Articonf microservices get accessed via [HTTPS](https://en.wikipedia.org/wiki/HTTPS), this enables an encrypted and secure communication. To provide such a secure channel, [certificates](https://en.wikipedia.org/wiki/Public_key_certificate) are required. With these certificates, a client can verify the identity of the server.
The certificates get passed to the Flask application in the main.py file of each microservice. The argument itself is a [vector](https://datascienceplus.com/vectors-and-arrays-in-python/) with 2 entries: the certificate itself (a .crt file) and a key (a .key file), both passed as paths. This vector gets passed to app.run(..) via the named argument ssl_context. For further information on how a certificate is passed to a Flask app, look into this guide on [how to enable HTTPS communication in Flask](https://blog.miguelgrinberg.com/post/running-your-flask-application-over-https).
## Resources
Articonf uses static resources, which are not present in the Git-repository due to security reasons. These files are located in a dedicated folder where the application will look for them. The files needed are:
| articonf1.crt | certificate for HTTPS communication (certificate) |
| articonf1.key | certificate for HTTPS communication (key) |
| default_users.json | list of default users who are already existing in articonf |
| jwt_secret.txt | secret needed to sign the JWT tokens |
| regular_user_credentials.json | credentials of the user used for internal authentication between microservices |
If Articonf runs on the server, the folder ```/srv/articonf``` is used for this purpose. If no other options are set, this location gets used per default.
## Running Articonf Locally
To enable the local mode, set the environment variable ```ARTICONF_LOCAL``` to ```1```. With this setting, the local swagger configuration is used to serve the routes. With this configuration, __no token validation will be performed__ for a better debugging experience, every token gets accepted.

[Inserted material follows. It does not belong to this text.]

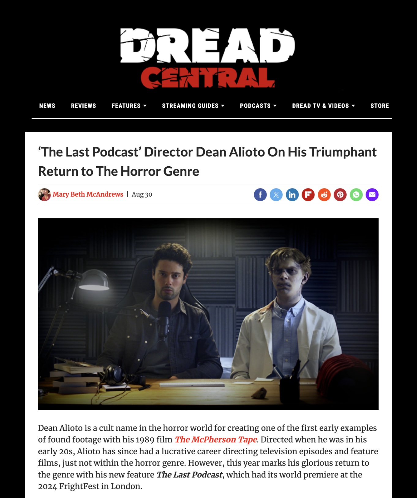 Filmmaker Dean Alioto got his start dropping out of two film schools to work on movies for Steven Spielberg, Clint Eastwood, and Oliver Stone. Dean went on to direct documentaries and independent films, including the supernatural thriller Portal for Vertical Entertainment. His abilities as an innovative storyteller have been singled out by Collider and Dread Central and he was featured in the Paramount + Documentary Unknown Dimensions as the creator of the first ever found footage movie The McPherson Tape. Recently, Dean has released the two-part UFO documentary series The Alien Perspective for Amazon and has finished his successful film festival run for the upcoming horror-comedy The Last Podcast. Currently, Dean is in development on a show for Blumhouse TV.

To use a different resource directory than ```/srv/articonf```, the environment variable ```ARTICONF_RESOURCES_PATH``` is used. This variable can hold a path that points to a custom resource directory. For example, if the resource folder is located in the project root and called ```resources```, the content of the variable for the trace-retrieval microservice would be ```'../../../../resources'``` (note that there is no trailing slash in the path).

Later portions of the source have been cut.